Every society has limits. When members of that society exceeds those limits and harms that society, they come up against some of the institutions that work to bring them back to within those limits or expel them completely.

I don't agree with all the precepts and treatments of the Alcoholics Anonymous program, but there is a psychological concept of "rock bottom" in the program that I do think has a lot of value.

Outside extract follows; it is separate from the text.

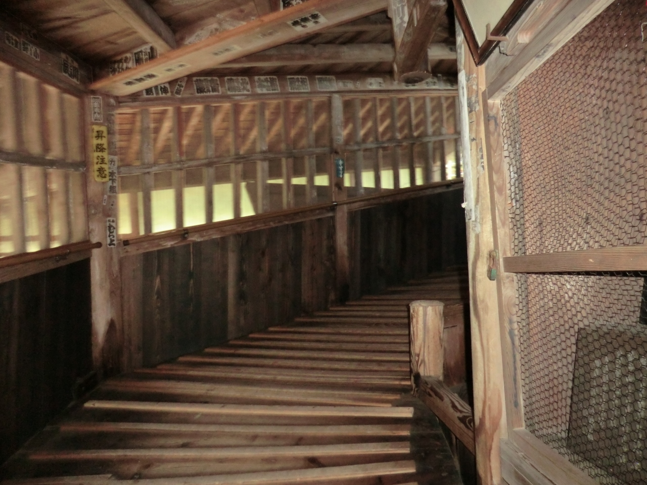 さざえ堂の向かいにチケット売り場があり、入場券になるしおりを貰います。土足で見学ができますが、木造なので維持が大変だろうと思いました。ヒールの女性は、上るよりも下りる方に苦戦していました。あっという間に出口に辿り着いてしまうので物足りなさがありました。

According to this theory, addicts can't really commit to getting better until they touch rock bottom in their lives, realize the harm they're doing to themselves and others, and consciously decide that that going on as they have in the past is not an option.

Also in addiction treatment, there is a concept of "enabling." An enabler is a figure in a troubled person's life who enables the addict to continue on in their troubled ways well past the point that they should have seen the error of their ways, shielding them from the full impact and consequences of their behavior. The enabler does this for a variety of reasons, many of them well-meaning.

For me, every eviction I have been involved in has been more than anything else a process of stepping away from enabling and clearing the way to rock bottom for a tenant who needs to seek help or treatment but refuses to do so because they're terrified, they're proud, or they're blind to the consequences of their ways.

You have to decide, as a landlord, if you're dealing with a person who will seize on an opportunity to change their behavior if you give it to them, or whether you're dealing with a person who will not change until they hit rock bottom. If you decide on the latter, you're not doing them any favors standing in their way, and enabling them is ultimately harming them.

An eviction triggers a whole host of social services and safety mechanisms that are there to help the troubled tenant. That notice on the door may be the only way the tenant will ever actually first reach out for help from the people who are there to help them.

Now let's look at this case and what you've told us. Your tenant is 20 days late on the rent and he doesn't have the money to pay. He has been there for a year. How did he end up in this situation? It didn't happen yesterday. It took a series of bad breaks to get where he is, I'm sure, but it also took some bad decisions on his part, and he is responsible for those. If you DON'T evict here, you're offering one of two things -- an opportunity for this person to radically change their behavior or an opportunity to keep on as they have been keeping on.

Which opportunity do you think you're offering? If it's not the first, then you evict. Because ultimately, it's the kindest thing you can do. You evict because that's the only message that will really get through the psychological blinders this guy has been living with. Do it decisively, do it according to the law, give this person every opportunity to get the help he needs to change his life.

I don't feel guilty today about the evictions I have initiated and seen through. I did not make the decision to evict in anger or out of spite, or based on what would financially benefit me the most. I stepped away from enabling an adult not to hit the rock bottom they needed to hit in order to make their decision to change.